■ **Exercise instructions**
Write down exactly what lies from the line containing "- Helpful Hint: From" to the end of the records, inclusive, and omit the pictures.

■ **Task input**
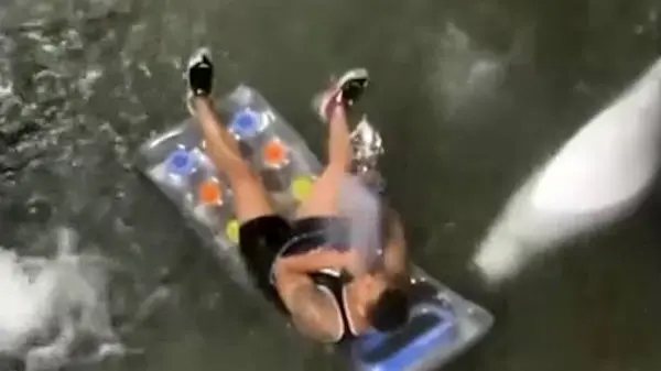 فیلم جنجالی قلیان کشی مردجوان شناور در سیل نیویورک !
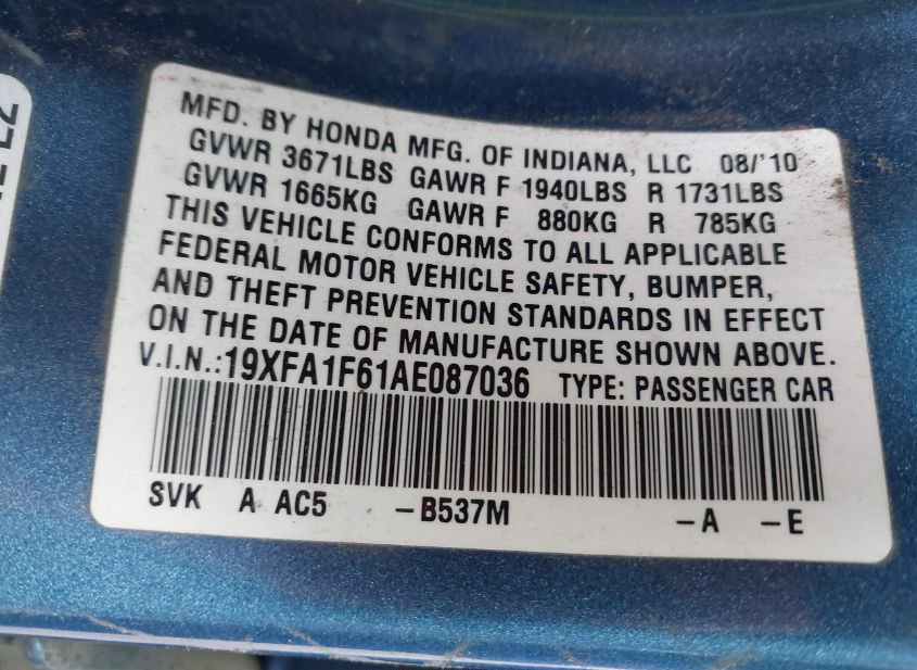 - VIN: 19XFA1F61AE087036
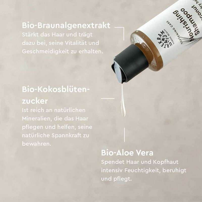 Bio-Kokosblütenzucker, mineralstoffreicher Bio-Braunalgenextrakt und beruhigender Gänseblümchenextrakt versorgen das Haar mit intensiv pflegenden Nährstoffen. Bio-Aloe Vera spendet eine Extraportion Feuchtigkeit.
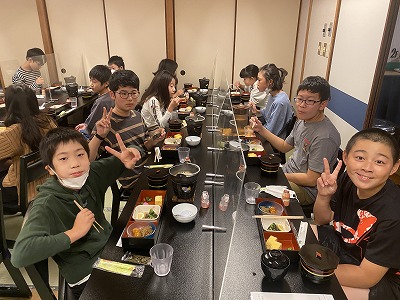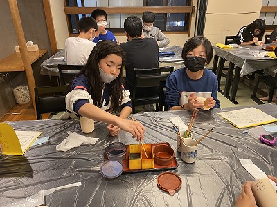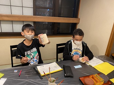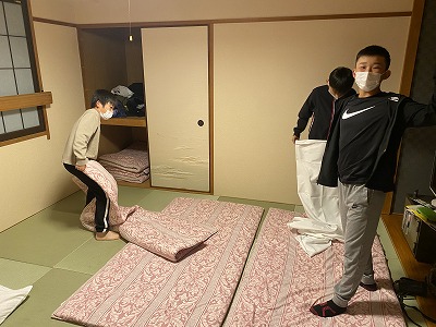 旅館では、湯呑の絵付け体験や友達との楽しい時間を過ごしていました。普段やらないであろう布団のシーツをかぶせるだけで大苦戦!かけ布団を敷布団にしている部屋も…
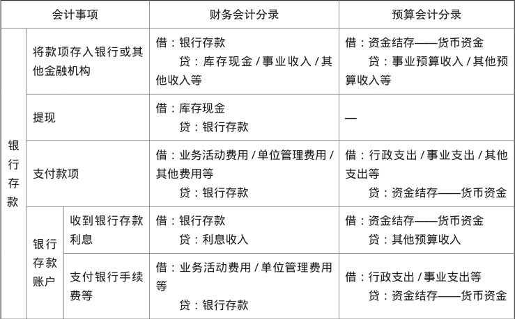 银行存款的会计分录如表1-7所示。
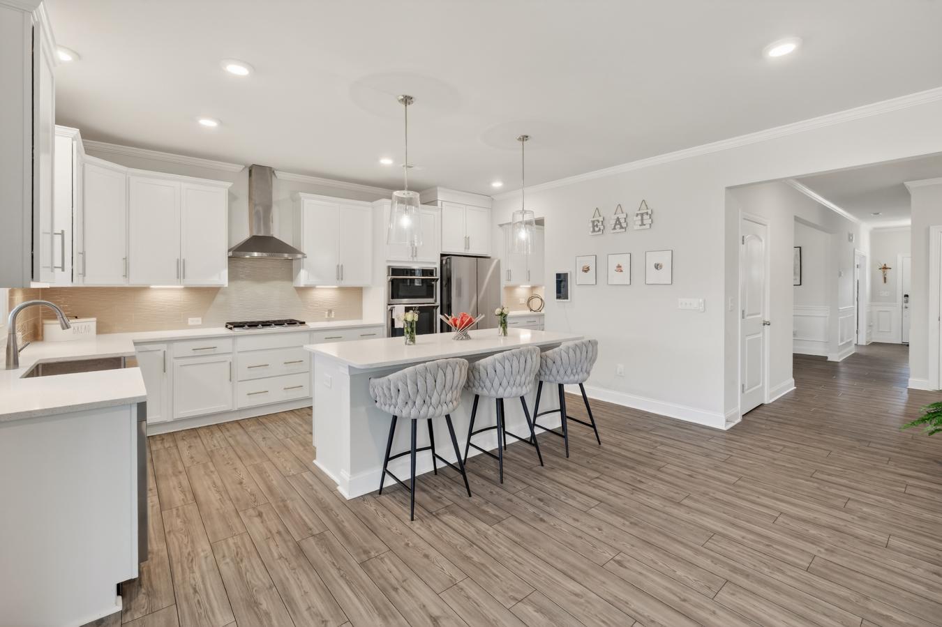 Our largest home in Moore Farm with convenient access to Indian Trail, Waxhaw, Matthews, Ballantyne, & South Charlotte. Established amenities incude a resort-style pool, playground, pickleball courts, grills, walking trails, and yard maintenance included through the HOA! This York home features a bedroom with a full bath on the main level, a perfect spot when guests come to stay. The open kitchen includes a huge island, 42 cabinetry, quartz countertops, stainless steel GE appliances, and a walk-in pantry. The owner's bedroom features a tray ceiling, 2 walk-in closets and an en suite bath with an extended dual vanity & tiled walk in shower. Call today to schedule your appointment to learn more!
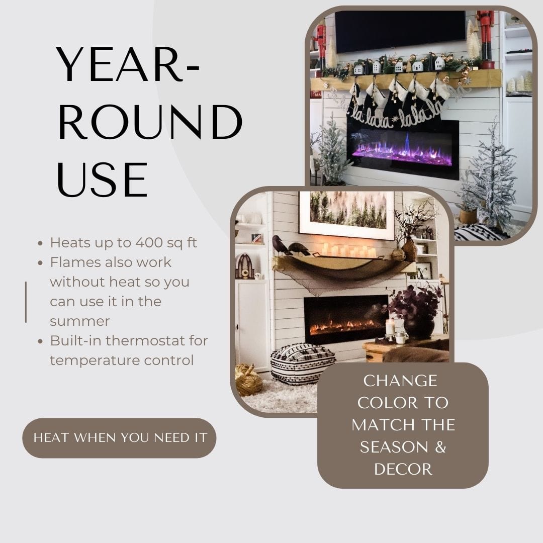 The fireplace has a quiet heater that works independently from the flames meaning that you can use your fireplace even in the summer. When you need the heat, it can heat up to 400 sq. ft. and has a thermostat control from 62 to 82 F.
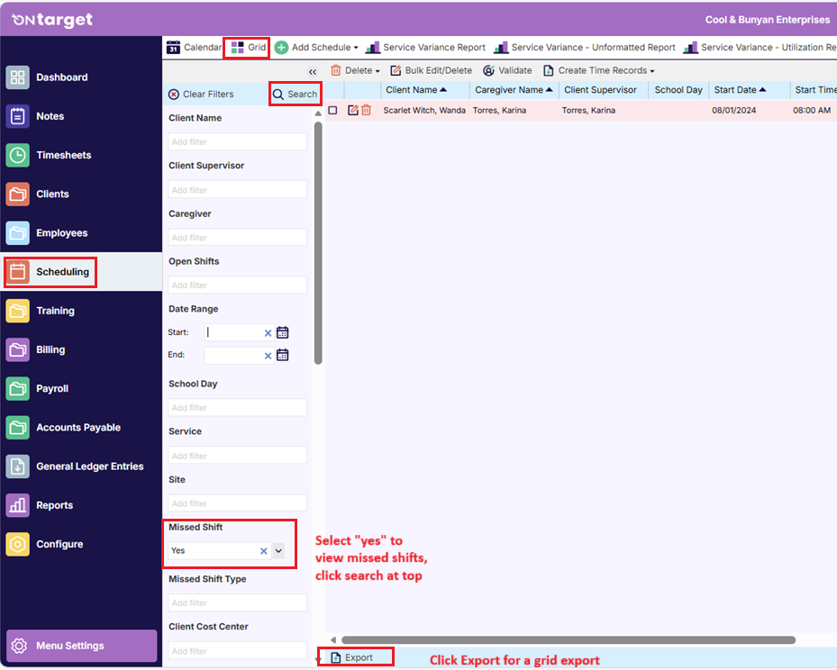 - Helpful Hint: From the Grid view you have the same Missed Shift Type filter available, but you also have a general “Missed Shift” filter. Select “Yes” to search for all missed shifts regardless of type.
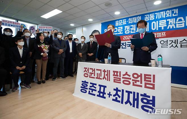 [서울=뉴시스] 국회사진기자단 = 최재형 전 감사원장과 홍준표(오른쪽) 국민의힘 대선 경선 후보가17일 오전 서울 여의도 홍준표 의원 사무실에서 열린 최 전 원장 영입 행사에서 공동 발표문을 낭독하고 있다. 2021.10.17. photo@newsis.com
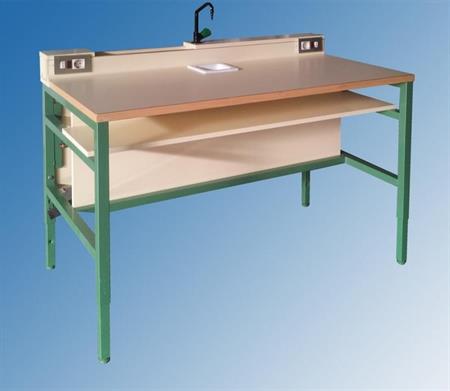 Estructura:Piés en tubo de 40 mm, de diametro y 1’5 mm, de espesor de pared, bastidor superior en tubo de 35 x 35 x 1’5 mm, y bastidor para el entrepaño en tubo de 30x30x1’5 mm. Niveladores en las dos patas sin posibilidad de extracción, soldada por hilo continuo y pintada en epoxi. Equipo eléctrico.Diferencial y magnetotérmico para la entrada de corriente, base de enchufe Schuko para el servicio a mesas contiguas. Servicio en la mesa de dos bases de enchufe Schuko, con interruptor y piloto para cada una de ellas. Linea bajo tubo por la parte inferior de la tapa.
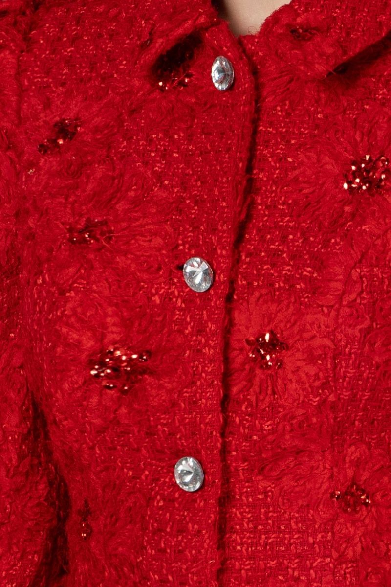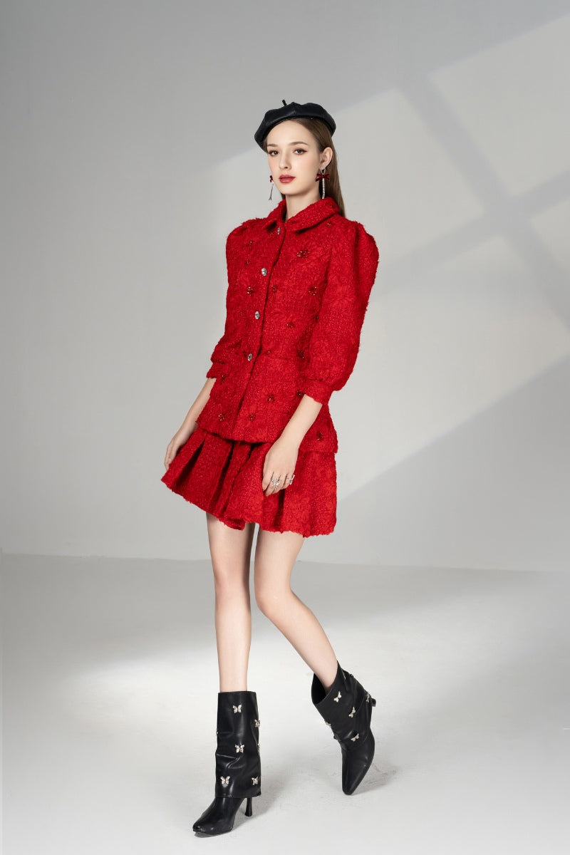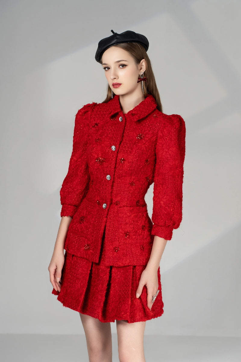 Elevate your wardrobe with this luxurious two-piece set featuring a top and skirt. Adorned with beaded buttons and 3D flowers, this set exudes sophistication. The box pleated skirt and A-line silhouette add a touch of elegance, while the button closure, patch pockets, collared neck style, and cuffed puff sleeves complete the look.
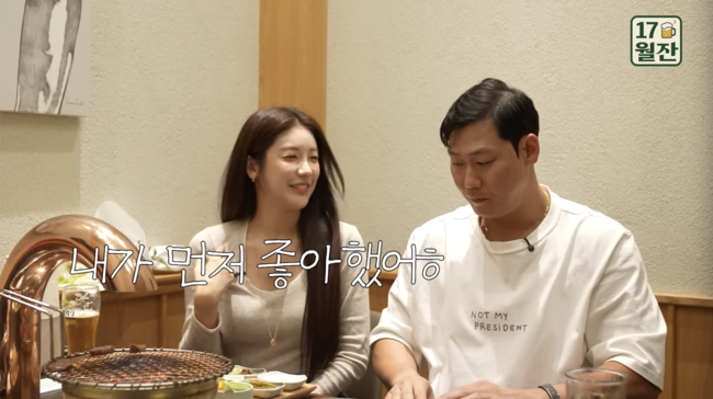 이날 게스트로 나온 노시환은 “모 유튜브에서 두 분의 연애 기간이 5년이었다고 얘기가 나왔는데, 처음 만났던 순간이 기억에 나는지?”라고 물었고, 하주석은 “처음 만났을 때부터 지금까지의 기간은 5년인데, 2번 정도? 헤어져서 각자의 길을 갔다”고 밝혔다.
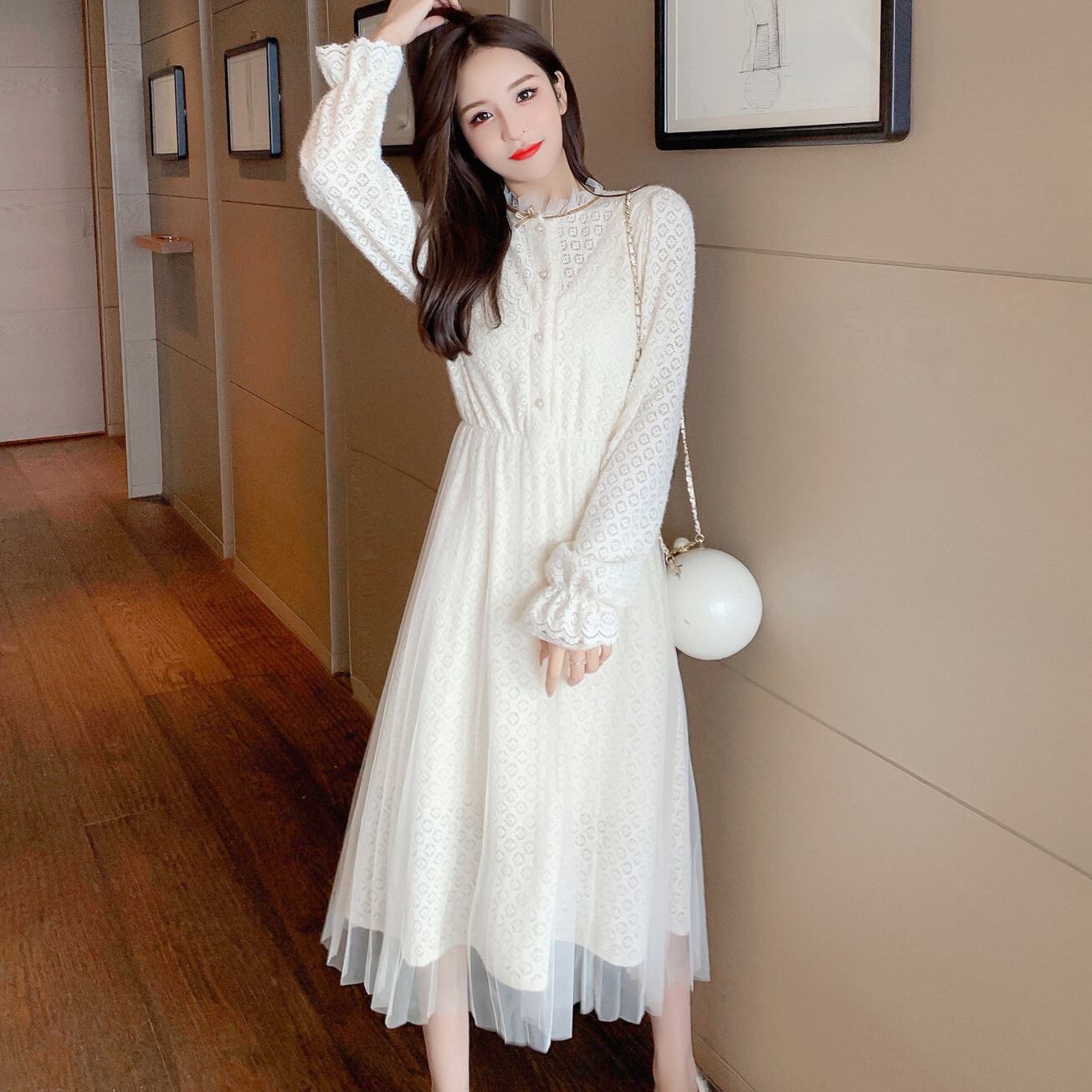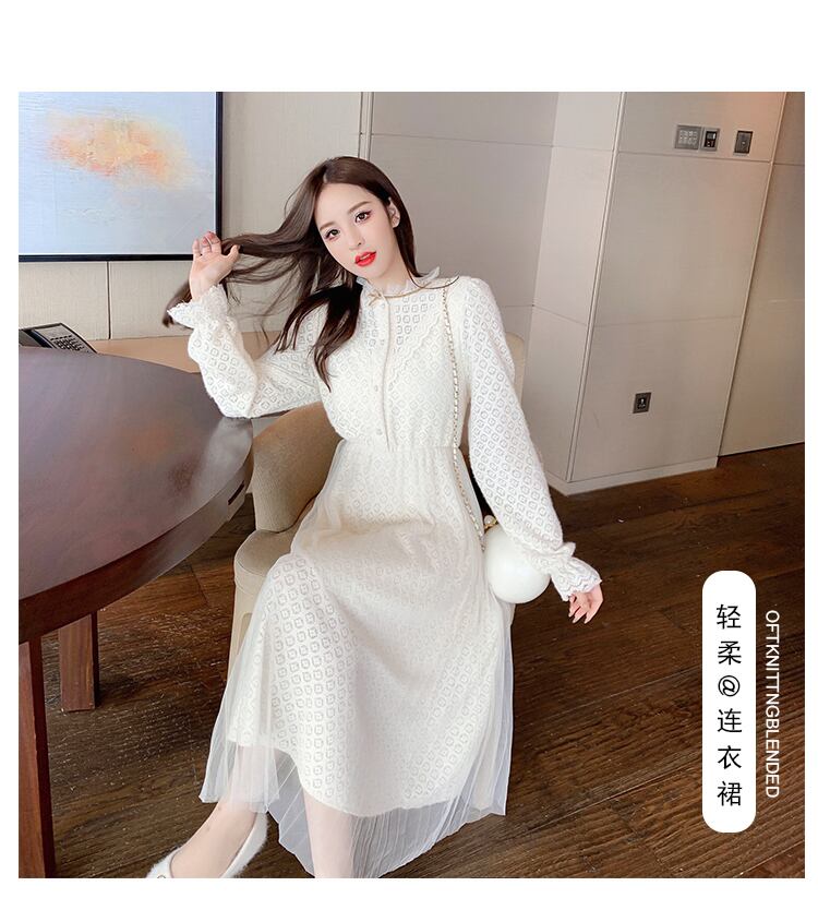 オータムウィンターウェストメッシュベルベットレースドレス 秋物 冬物 ステッチ ハンチェンe32641671192
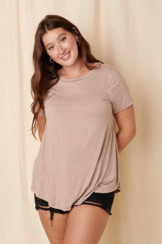 Taupe Scoop Neck Round Hem Bamboo Tee

■ **Result below**
 - Helpful Hint: From the Grid view you have the same Missed Shift Type filter available, but you also have a general “Missed Shift” filter. Select “Yes” to search for all missed shifts regardless of type.
 [서울=뉴시스] 국회사진기자단 = 최재형 전 감사원장과 홍준표(오른쪽) 국민의힘 대선 경선 후보가17일 오전 서울 여의도 홍준표 의원 사무실에서 열린 최 전 원장 영입 행사에서 공동 발표문을 낭독하고 있다. 2021.10.17. photo@newsis.com
 Estructura:Piés en tubo de 40 mm, de diametro y 1’5 mm, de espesor de pared, bastidor superior en tubo de 35 x 35 x 1’5 mm, y bastidor para el entrepaño en tubo de 30x30x1’5 mm. Niveladores en las dos patas sin posibilidad de extracción, soldada por hilo continuo y pintada en epoxi. Equipo eléctrico.Diferencial y magnetotérmico para la entrada de corriente, base de enchufe Schuko para el servicio a mesas contiguas. Servicio en la mesa de dos bases de enchufe Schuko, con interruptor y piloto para cada una de ellas. Linea bajo tubo por la parte inferior de la tapa.
 Elevate your wardrobe with this luxurious two-piece set featuring a top and skirt. Adorned with beaded buttons and 3D flowers, this set exudes sophistication. The box pleated skirt and A-line silhouette add a touch of elegance, while the button closure, patch pockets, collared neck style, and cuffed puff sleeves complete the look.
 이날 게스트로 나온 노시환은 “모 유튜브에서 두 분의 연애 기간이 5년이었다고 얘기가 나왔는데, 처음 만났던 순간이 기억에 나는지?”라고 물었고, 하주석은 “처음 만났을 때부터 지금까지의 기간은 5년인데, 2번 정도? 헤어져서 각자의 길을 갔다”고 밝혔다.
 オータムウィンターウェストメッシュベルベットレースドレス 秋物 冬物 ステッチ ハンチェンe32641671192
 Taupe Scoop Neck Round Hem Bamboo Tee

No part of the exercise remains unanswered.